The Mother Jones guy dismissed the idea of any kind of conspiracy at play in the crisis that our country has come to, pointing out, irrelevantly but at length, that belief in conspiracy theories is about the same as it’s always been, even if the wife of history’s most corrupt Supreme Court justice is a far right Christian political operative, on the board of the influential, secret nonprofit Council for National Policy, who brokered the deal between Donald Trump and the evangelical leaders in 2016, was in and out of the West Wing regularly during 45’s administration (and heads would always roll when she left) and also was in a religious frenzy in the Jesus-invoking texts to the Chief of Staff as Trump’s January 6 coup was sputtering, in the hours and days after she attended the Big Guy’s rousing speech in the freezing cold earlier that day.    Then all White House phone logs, texts, secret service texts and calls, irretrievably deleted, all Homeland Security heads’ communications also gone, from the hours before, during and after the riot at the Capitol for which hundreds are being, eh, vengefully held hostage.  There are complex right wing conspiracies at work all around us (for example, the association of Republican state attorneys’ general that met to work out how to limit drop boxes and things like that prior to the 2020 election, are probably meeting right now, the fake electors, election deniers overseeing upcoming elections, continual destruction of evidence, lies about the existence of evidence never produced, etc). and it doesn’t take Oliver Stone to tell you that.

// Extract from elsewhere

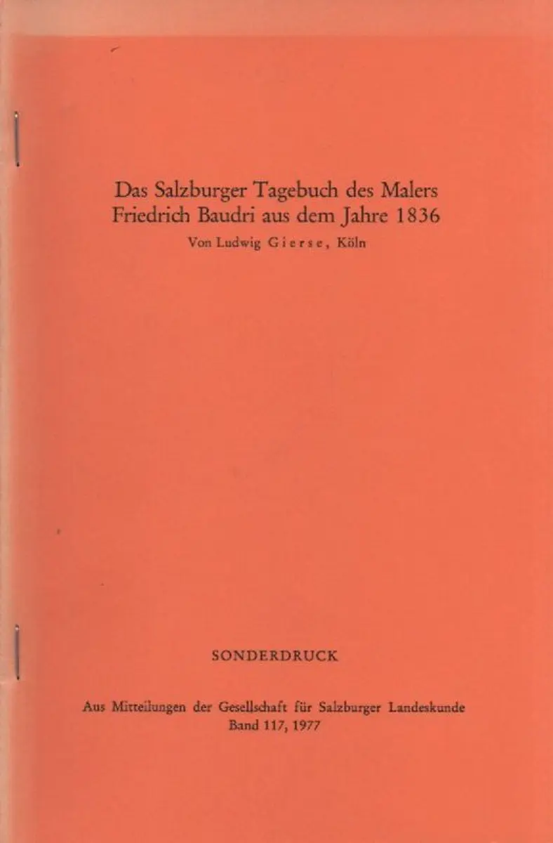 Titel: Das Salzburger Tagebuch des Malers Friedrich Baudri aus dem Jahre 1836. (Sonderdruck aus Mitteilungen der Gesellschaft für Salzburger Landeskunde, Band 117, 1977)

Stephens does something similar when he focuses on the corrupt idiot asshole privileged  heads of elite institutions (accurate enough)  and uses them to prove his larger points that misguided, hypocritical, often tyrannical liberals suck and only sober conservatives like him see the world as it actually is and are prepared to lead it (debatable, like all political positions).  

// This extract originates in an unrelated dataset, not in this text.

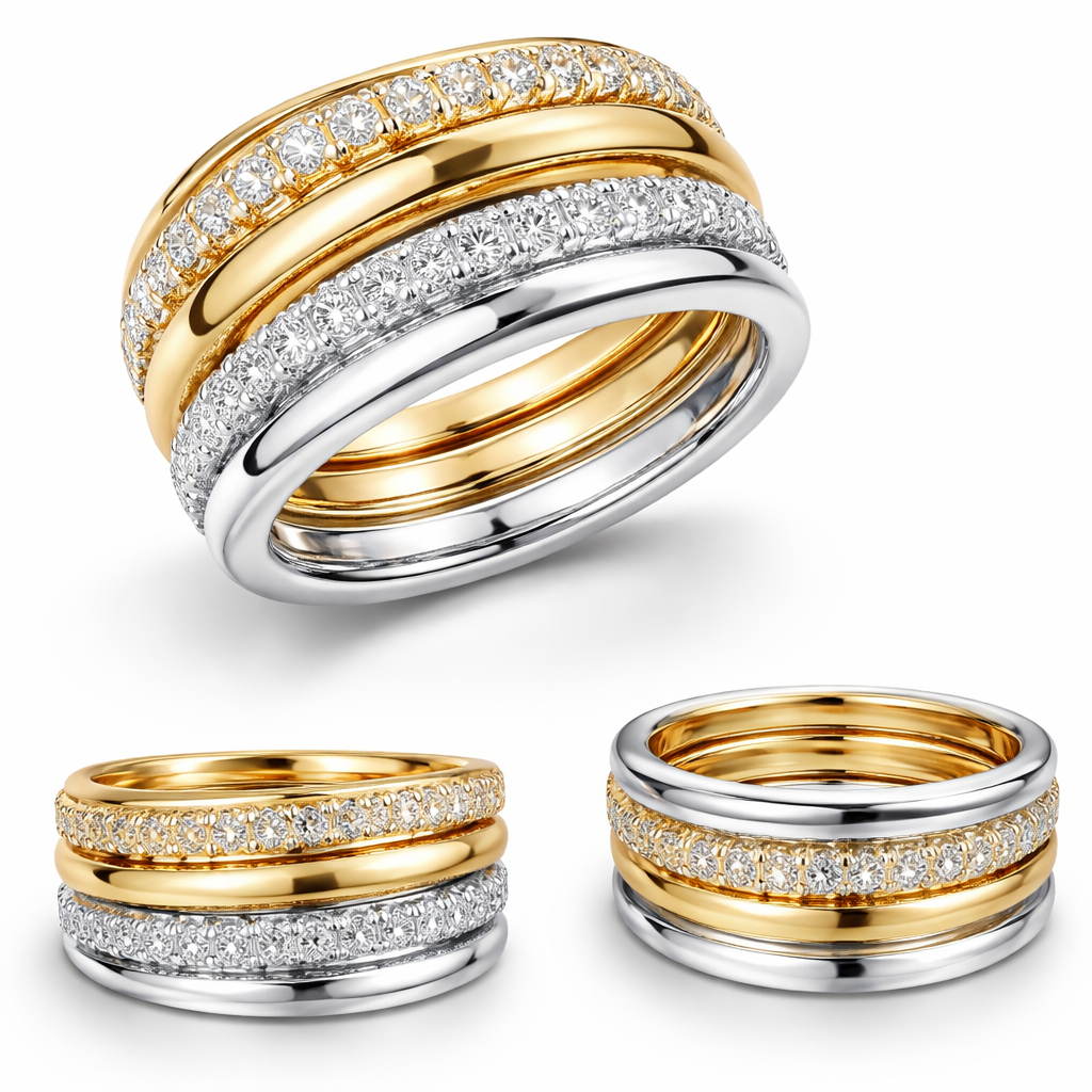 Create a luxury pinky finger ring design that appears to be four stacked rings but is actually one single connected ring piece. The design should look elegant, modern, and high-end. It must combine both gold and silver tones harmoniously. The four visible bands should be: 1. A gold band with sparkling white zircon stones pavé set across the front 2. A plain polished gold band with a sleek minimalist finish 3. A silver band with white zircon stones pavé set across the front 4. A plain polished silver band with a clean modern finish All four bands should sit closely together as if stacked naturally, but engineered as one ring for comfort and stability. Designed specifically for the pinky finger, feminine proportions, luxurious craftsmanship, refined detailing, premium jewelry aesthetic. Style direction: contemporary luxury, Cartier / Bvlgari inspired, sophisticated, wearable statement piece. Show in photorealistic jewelry render on clean white background, multiple angles, high detail, realistic metal shine, gemstone sparkle, premium product presentation., modern style

The worst one in this category, for my money, is fucking David Brooks, who also writes for the New York Times.  I avoid his stuff the last few years, too aggravating to read that know-it-all’s confident conclusions about his opinions.   The insidious thing about Brooks is that he can make very reasonable points while he hides his ideological agenda most of the time but then sometimes it just pops out in a grotesque, tell-tale aside, like nonchalantly dropping in a gutter formulation of what’s wrong with poor people in terms of their moral character.

Anyway, it’s occasionally interesting to read some of this stuff, but I don’t put any more stock in the opinions of these folks that I do in my own reading, thinking and talking to people whose opinions I respect. Political commentators are in the business of simplifying things, convincing readers of their astuteness and expertise, and making difficult, complicated, scary things seem to make sense, but the version of reality they give you is always missing essential ingredients that you need to have a nuanced, really intelligent conversation about the subject.That’s just one reason I resent these fucking pantloads.